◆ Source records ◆
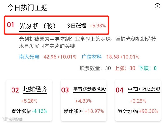24小时数据实时监控,智能分析当前热门板块的小助手。根据当日热点主题,精准找到市场热点为板块为光刻机(胶)、地摊经济、字节跳动等概念股。
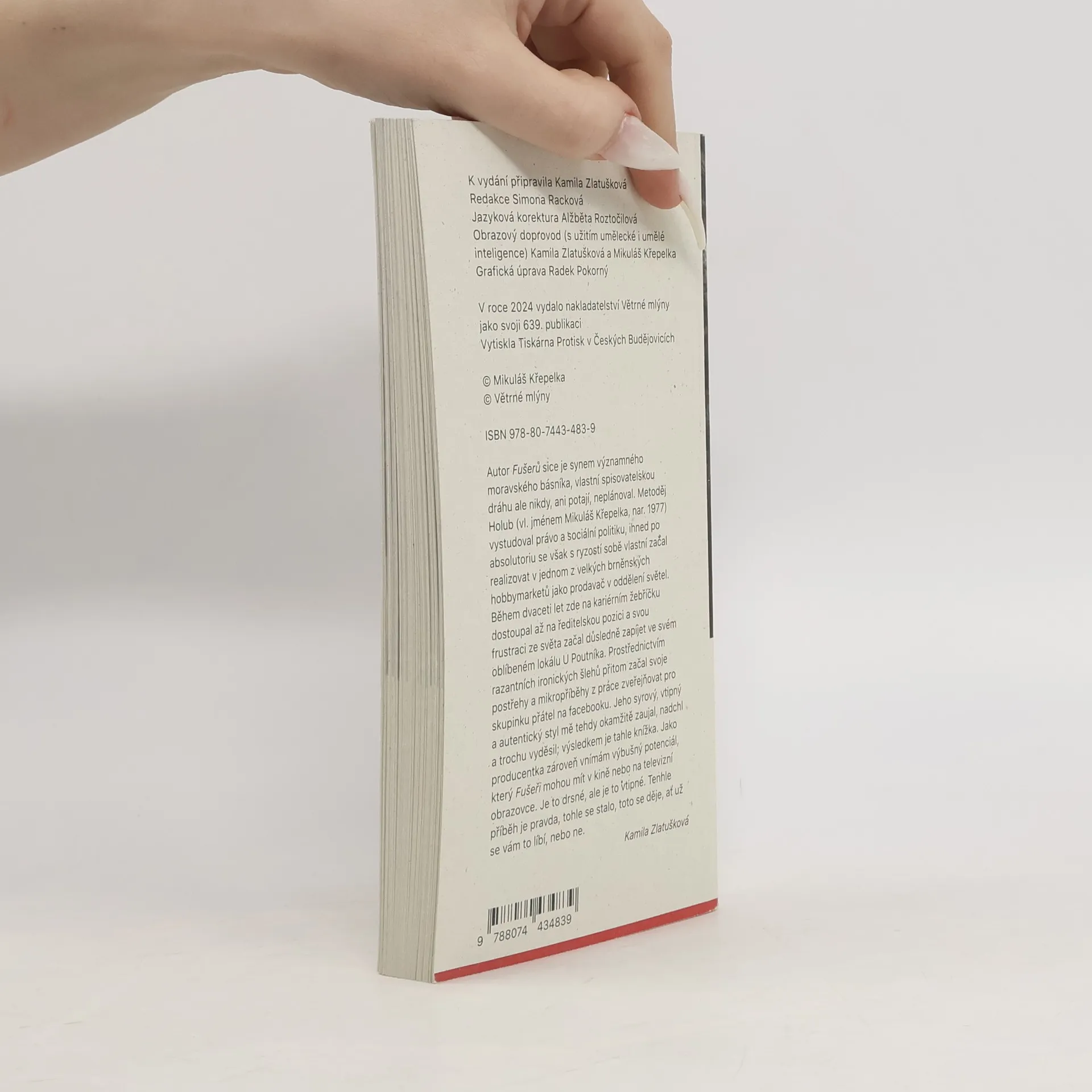 Autor Fušerů sice je synem významného moravského básníka, vlastní spisovatelskou dráhu ale nikdy, ani potají, neplánoval. Metoděj Holub (vl. jménem Mikuláš Křepelka, nar. 1977) vystudoval právo a sociální politiku, ihned po absolutoriu se však s ryzostí sobě vlastní začal realizovat v jednom z velkých brněnských hobbymarketů jako prodavač v oddělení světel. Během dvaceti let zde na kariérním žebříčku dostoupal až na ředitelskou pozici a svou frustraci ze světa začal důsledně zapíjet ve svém oblíbeném lokálu U Poutníka. Prostřednictvím razantních ironických šlehů přitom začal svoje postřehy a mikropříběhy z práce zveřejňovat pro skupinku přátel na facebooku. Jeho syrový, vtipný a autentický styl mě tehdy okamžitě zaujal, nadchl a trochu vyděsil; výsledkem je tahle knížka. Jako producentka zároveň vnímám výbušný potenciál, který Fušeři mohou mít v kině nebo na televizní obrazovce. Je to drsné, ale je to vtipné. Tenhle příběh je pravda, tohle se stalo, toto se děje, ať už se vám to líbí, nebo ne.
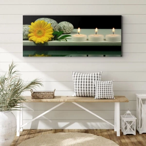Obraz na płótnie - Żółty kwiat, świece i kamienie na tle wody - 120x80cm - Ukojenie zmysłów - Nowoczesna dekoracja ścienna do salonu, kuchni i sypialni ARTTOR
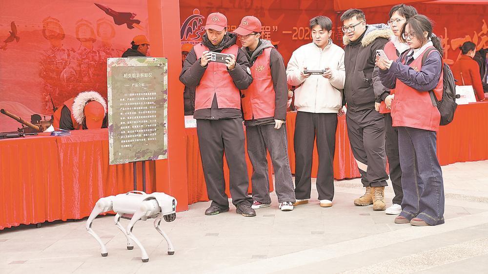 志愿者現(xiàn)場演示機器狗的操作。連小慧 攝
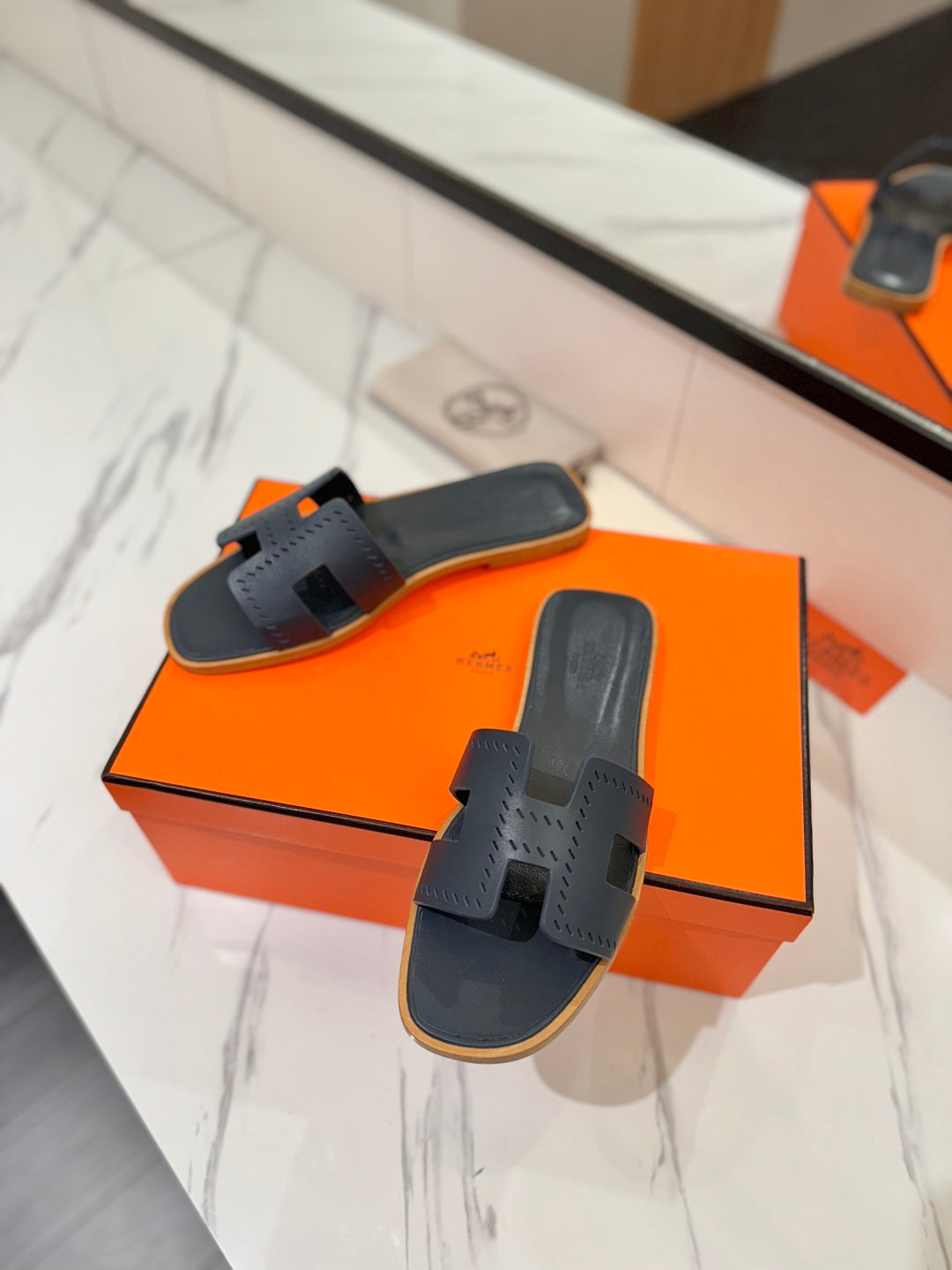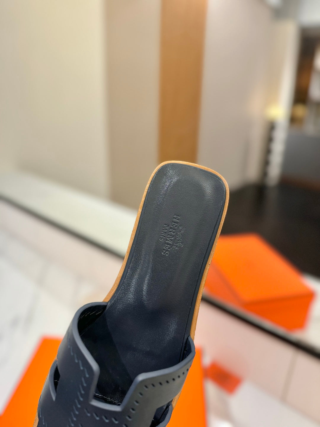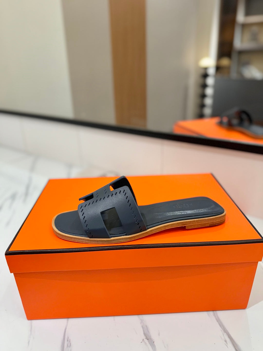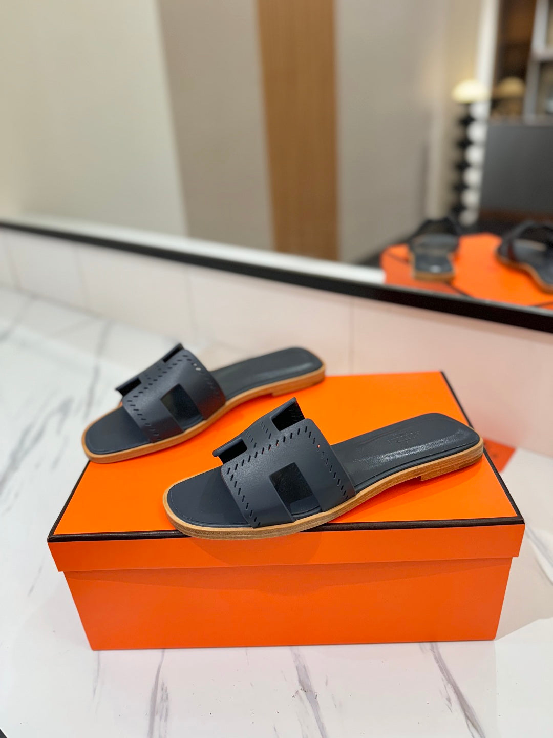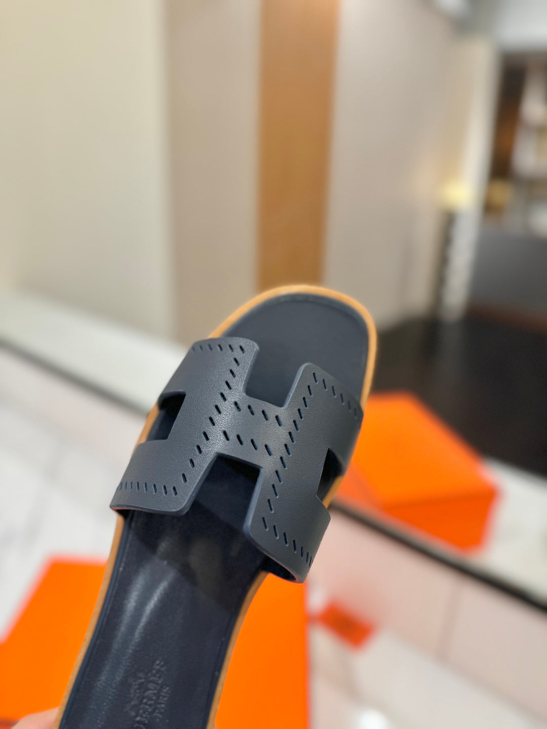 HM Oran Sandal Dark Gray Perforate Cowhide 294877

◆ WHAT YOU NEED TO DO ◆
Output each line above exactly. Skip the images.

◆ TASK RESPONSE ◆
24小时数据实时监控,智能分析当前热门板块的小助手。根据当日热点主题,精准找到市场热点为板块为光刻机(胶)、地摊经济、字节跳动等概念股。
 Autor Fušerů sice je synem významného moravského básníka, vlastní spisovatelskou dráhu ale nikdy, ani potají, neplánoval. Metoděj Holub (vl. jménem Mikuláš Křepelka, nar. 1977) vystudoval právo a sociální politiku, ihned po absolutoriu se však s ryzostí sobě vlastní začal realizovat v jednom z velkých brněnských hobbymarketů jako prodavač v oddělení světel. Během dvaceti let zde na kariérním žebříčku dostoupal až na ředitelskou pozici a svou frustraci ze světa začal důsledně zapíjet ve svém oblíbeném lokálu U Poutníka. Prostřednictvím razantních ironických šlehů přitom začal svoje postřehy a mikropříběhy z práce zveřejňovat pro skupinku přátel na facebooku. Jeho syrový, vtipný a autentický styl mě tehdy okamžitě zaujal, nadchl a trochu vyděsil; výsledkem je tahle knížka. Jako producentka zároveň vnímám výbušný potenciál, který Fušeři mohou mít v kině nebo na televizní obrazovce. Je to drsné, ale je to vtipné. Tenhle příběh je pravda, tohle se stalo, toto se děje, ať už se vám to líbí, nebo ne.
Obraz na płótnie - Żółty kwiat, świece i kamienie na tle wody - 120x80cm - Ukojenie zmysłów - Nowoczesna dekoracja ścienna do salonu, kuchni i sypialni ARTTOR
 志愿者現(xiàn)場演示機器狗的操作。連小慧 攝
 HM Oran Sandal Dark Gray Perforate Cowhide 294877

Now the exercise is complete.